И когда, обезумев от муки,
Уже шли осужденных полки,
И тревожную песню разлуки
Паровозные пели гудки.
Звезды смерти стояли над нами
И невинная корчилась Русь
Под кровавыми сапогами
И под шинами черных марусь.
А. Ахматова
…Было это 60 лет тому назад, 4 марта 1937 года. Мне исполнилось 12 лет. Пять часов вечера. Улица Скороходова на Петроградской стороне. Недалеко от Кировского проспекта на правой ее стороне издали виден красивый в стиле модерн дом– бывший особняк князя Горчакова, где сегодня помещается ЗАГС Петроградского района. Чуть наискосок еще не так давно стоял неказистый трехэтажный дом 17-го отделения милиции. В 1937 году коридор второго этажа этого отделения, если повернуть налево, упирался в тяжелую обитую оцинкованным железом дверь просторного кабинета. В кабинете – стол с зеленым сукном. За столом – большого размера военный с двумя «шпалами» в петлицах – майор. Меня, зареванного и униженного после допроса и двухчасового содержания в примыкающем к кабинету темном чулане, снова допрашивает майор:
– Говори, кто тебя послал фотографировать дом? Этот? Этот?

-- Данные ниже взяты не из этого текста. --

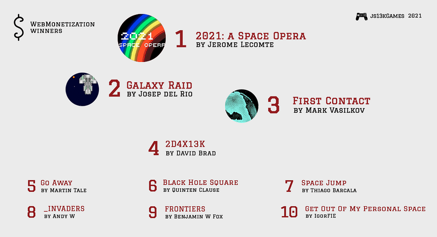 The list below contains this year’s top 10 entries, and we’ll be looking closer into top 5 games - keep in mind this ranking is entirely based on how well (in an original, creative way) Web Monetization API was implemented, not about the games themselves.

Через пелену слез я смотрю на шевелящиеся в его руках фотографии незнакомых мужчин и реву.
– Пока не скажешь – не выпущу! Сдохнешь в карцере! Сядь! Встань!
Милиционер больно дергает меня за шиворот… Сквозь слезы я слышу за дверьми женский крик. В кабинет, отталкивая милиционеров, вбегает мама. Плача, она падает на колени, ползет к майору и пытается целовать руку. Майор отталкивает ее.
– Единственный сын! Отпустите!.. Видит Бог, он не виноват!.. Всю жизнь буду молиться за вас!..
(До нас с сестрой Ниной у мамы было еще трое детей, но все они умерли в голодовку восемнадцатого – двадцатого годов).
– Заставь своего выродка признаться. Пусть скажет кто, отпустим.
И снова у меня перед глазами мелькают безликие на одно лицо фотокарточки 9x12.
– Ну, сынок, ну скажи, тебе ничего не будет!
Мама прижимает меня к себе. Появляется еще милиционер. Меня вырывают из маминых рук, и я уже реву во весь голос. Я не знаю, что мне говорить, что от меня хотят:
– Дядя! Я больше не б-у-у-ду!
Мне страшно еще и потому, что мы – мелюзга огромных коммунальных квартир – наслышаны друг от друга и от взрослых про разные «страсти-мордасти», как ночью приезжают «черные мару– си», забирают из квартир женщин и увозят их куда-то, где они всю ночь моют полы, залитые кровью, как ловят и расстреливают шпионов. В Александровском парке мы пугливо обходим наглухо заколоченные двери павильона «Грот» (недалеко от памятника Стерегущему, сегодня там кафе «Грот»). Мама рассказывала, что в восемнадцатом году там расстреливали буржуев, а сейчас по ночам расстреливают шпионов. Недавно в темном коридоре нашей квартиры на дверной ручке повесился работавший в Смольном сын старой алкоголички – «Бухводички». Говорят, «допился до чертиков». Мы, квартирные огольцы, пугаем друг друга этими чертями и со страхом обходим ту ручку…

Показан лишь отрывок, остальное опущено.